J Pediatr Gastroenterol Nutr. 1996 Aug;23(2):118-24. doi: 10.1097/00005176-199608000-00004.

Abstract

The facilitating effect of glucose on free fructose absorption has been suggested to be due to a sucrase-related transport mechanism. In contrast, the conditions influencing the absorption of sorbitol have hardly been investigated. As amino acids promote transcellular water flow, we investigated their effects on the absorption of fructose and sorbitol. We studied 15 healthy children using breath hydrogen tests following the ingestion of fructose and sorbitol, alone and in combination with glucose or amino acids. Similarly, the effect of acarbose pretreatment on sucrose and fructose-glucose absorption was investigated. The inhibition of sucrase isomaltase by acarbose impedes the absorption of sucrose but not of the fructose-glucose mixture. Fructose absorption is enhanced by glucose and by the amino acids L-alanine, L-glutamine, L-phenylalanine, and L-proline. Similarly, the absorption of sorbitol is facilitated by glucose and L-alanine. These results are not in concordance with a sucrase-related fructose-transport system and suggest another mechanism for glucose-induced enhancement of fructose (and sorbitol) absorption. We hypothesize that the absorption of fructose and sorbitol may be stimulated by the increased water flux induced by active absorption of glucose as well as amino acids.

摘要

葡萄糖对游离果糖吸收的促进作用被认为是由于一种与蔗糖酶相关的转运机制。
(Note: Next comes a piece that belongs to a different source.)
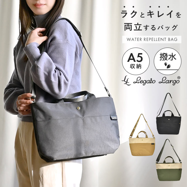 ショルダーバッグ レガートラルゴ Legato Largo レディース 斜めがけ 大人 A5 軽量 かわいい 軽い おしゃれ 大きめ 撥水 両立 肩掛けバッグ 黒 ブラック グレー アイボリー ベージュ オリーブ 通勤 社会人 シンプル 手提げ 収納 ポケット 多い 整理整頓 肩がけ シンプル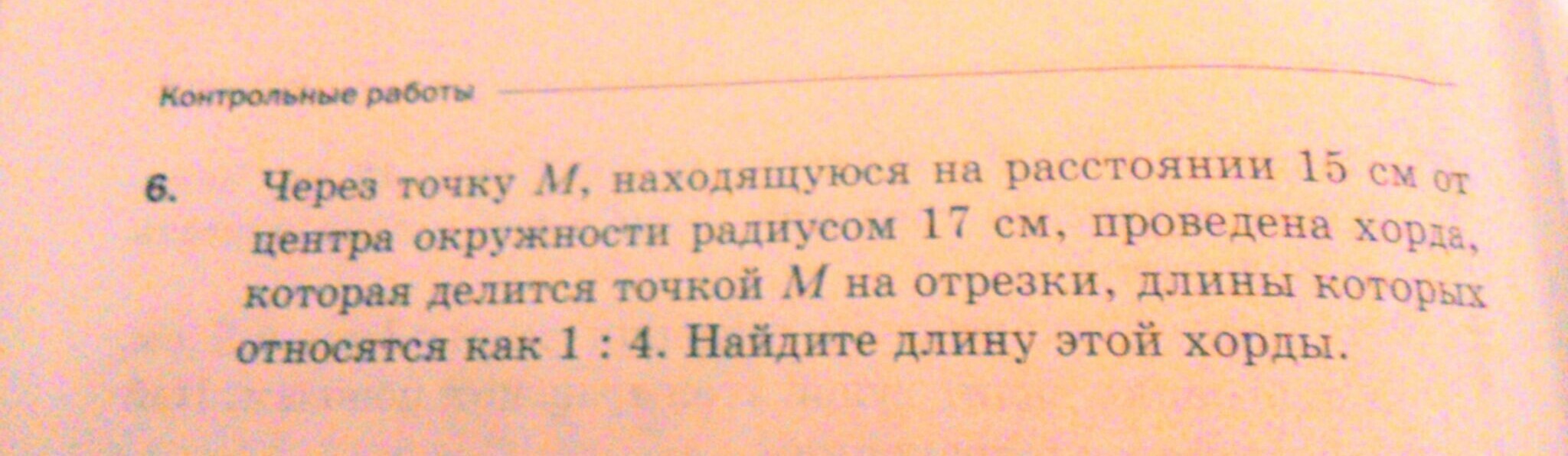 Через точку М проведём диаметр АВ, который точкой М делится на отрезки АМ = 17 + 15 = 32см и ВМ = 17 - 15 = 2см

相比之下,影响山梨醇吸收的条件几乎未被研究。由于氨基酸可促进跨细胞水流,我们研究了它们对果糖和山梨醇吸收的影响。我们对15名健康儿童进行了研究,在他们摄入果糖和山梨醇单独以及与葡萄糖或氨基酸联合的情况下,采用呼气氢试验。同样,研究了阿卡波糖预处理对蔗糖和果糖 - 葡萄糖吸收的影响。阿卡波糖对蔗糖酶异麦芽糖酶的抑制作用会阻碍蔗糖的吸收,但不会影响果糖 - 葡萄糖混合物的吸收。果糖的吸收会因葡萄糖以及L - 丙氨酸、L - 谷氨酰胺、L - 苯丙氨酸和L - 脯氨酸等氨基酸而增强。同样,葡萄糖和L - 丙氨酸可促进山梨醇的吸收。这些结果与一种与蔗糖酶相关的果糖转运系统不一致,并提示了葡萄糖诱导的果糖(和山梨醇)吸收增强的另一种机制。我们推测,果糖和山梨醇的吸收可能受到葡萄糖以及氨基酸主动吸收所诱导的水通量增加的刺激。